【活動報告】SDG4教育キャンペーン:8/28(水)「オンライン授業③ 難民キャンプを訪問した先生と考える―教育協力のために日本からできること」を開催 

現在実施中の「SDG4教育キャンペーン2024」では、6月より、毎月1回のオンライン授業を行い、紛争下の教育について市民のみなさんと考えてきました。

8月28日(水)に「オンライン授業③ 難民キャンプを訪問した先生と考える―教育協力のために日本からできること」を開催しましたので、その内容について報告いたします。

こちらに掲載している動画とあわせてぜひご覧ください。

3回目の実施となる8月28日(水)のオンライン授業は、参加者への質問を交えながら、紛争下でも教育支援を継続するために私たちにできることをテーマに実施しました。第2回の授業に引き続き、バングラデシュ・コックスバザールのロヒンギャ難民キャンプを訪れた日本の中学・高校の先生である松倉先生・関先生に加え、ワールド・ビジョン・ジャパン支援事業部の池内千草さんにご登壇いただきました。
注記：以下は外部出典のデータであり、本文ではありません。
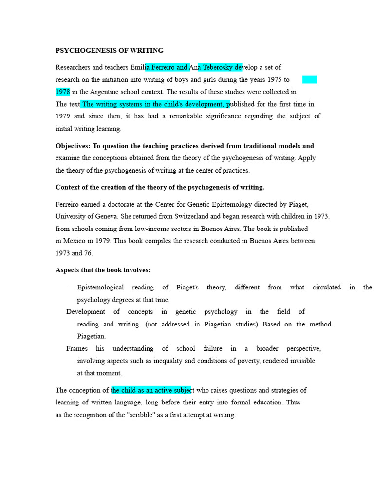 interpretation and application of the developments by Emilia Ferreiro and were understood and

ロヒンギャ難民キャンプおよびホスト・コミュニティにおける教育事業をはじめとして、南スーダンの例にも触れ、教育支援に共通する意義と課題について考えました。

進行はSDG4キャンペーン2024事務局の松山晶さん(セーブ・ザ・チルドレン・ジャパン)が務め、<第1部:なぜ危機下でも教育が必要?><第2部:危機下でも子どもたちに教育を届けるには何が必要?><第3部:教育への支援を拡大するためには>という3つの問いに沿って実施しました。

それぞれの内容と、参加者の皆さまからお寄せいただいたコメントについてもご紹介いたします。

<第1部:なぜ危機下でも教育が必要?>

まずはじめに、参加者の皆さまに以下の問いについて考えていただきました。

「今、あなたが、健康に、安全に、幸せに生活をするために大切だと思うものは、次のどれですか?」

13の選択肢から、「食べ物・水」、「安全に生活できる場所」に最も多くの投票が集まり、次いで「家族・友人」や「教育」を選んだ方も多くいました。(複数選択)

続いて、質問が少しだけ変わりました。

「もしあなたが今、紛争の影響を受けていたら、あなたが、健康に、安全に、幸せに生活をするために大切だと思うものは、次のどれですか?」

1回目で投票が多かった選択肢に加え、「差別・暴力を受けないこと」や「きれいな空気」への投票が増え、「教育」も半分ほどの方が選びました。

ここで、松倉先生は教育の特殊性について、以下のように述べました。

(松倉先生)

「人それぞれの価値観やその時々の状況、また一日の中でも大事だと思うものが変化するというようなこともあるかもしれません。本日は教育をテーマにしていきますが、皆さんは改めて教育の特殊性について考えたことはありますか?教育といっても様々な形態はありますが、その特殊性の一つに、ある程度仕組みや体制が整っている状況で発揮されるものという点を挙げたいと思います。これを言い換えると、仕組みを整えることで、紛争や危機下であっても、教育を継続して受けられる人を増やしていけるかもしれません。

しかし今、例えばロヒンギャ難民キャンプの中では、教育に必要な資金は10分の1しか賄われていない状況です。」

続いて、関先生より、

「現地では『非常に楽しい』『安心できる』といった子どもたちの教育に対する想いをたくさん聞くことができました。保護者や先生など、大人も共通して教育の重要性を感じていました。教育は衛生面や安全面など、生きるということに直結したスキルを身につけるものです。一方で、支援に関わる方々は、ロヒンギャ難民問題が時の経過と共に忘れ去られ、教育の継続が危ぶまれていることに強い危機感を抱いていました。

改めて、紛争などの危機下でも、なぜ教育が重要なのでしょうか。

(関先生)

「大前提として、すべての子どもは教育を受ける権利を持っています。そしてバングラデシュに行って目の前で実感したことですが、何より子どもたちは教育を受けたいと願っています。紛争下にあっても、教育を通して子どもたちは希望を感じています。多くの仲間と学ぶ環境にアクセスできる『安全性』と、子どもが社会的なスキルを身につけて振る舞い方を学んでいくという『安心感』から、教育によって得られる好循環があると感じました。」

<第2部:危機下でも子どもたちに教育を届けるには何が必要?>

第2部では、参加者の皆さま自身に、もし自分が支援者なら、「特にどのような教育支援を届けたい」かについて考えていただきました。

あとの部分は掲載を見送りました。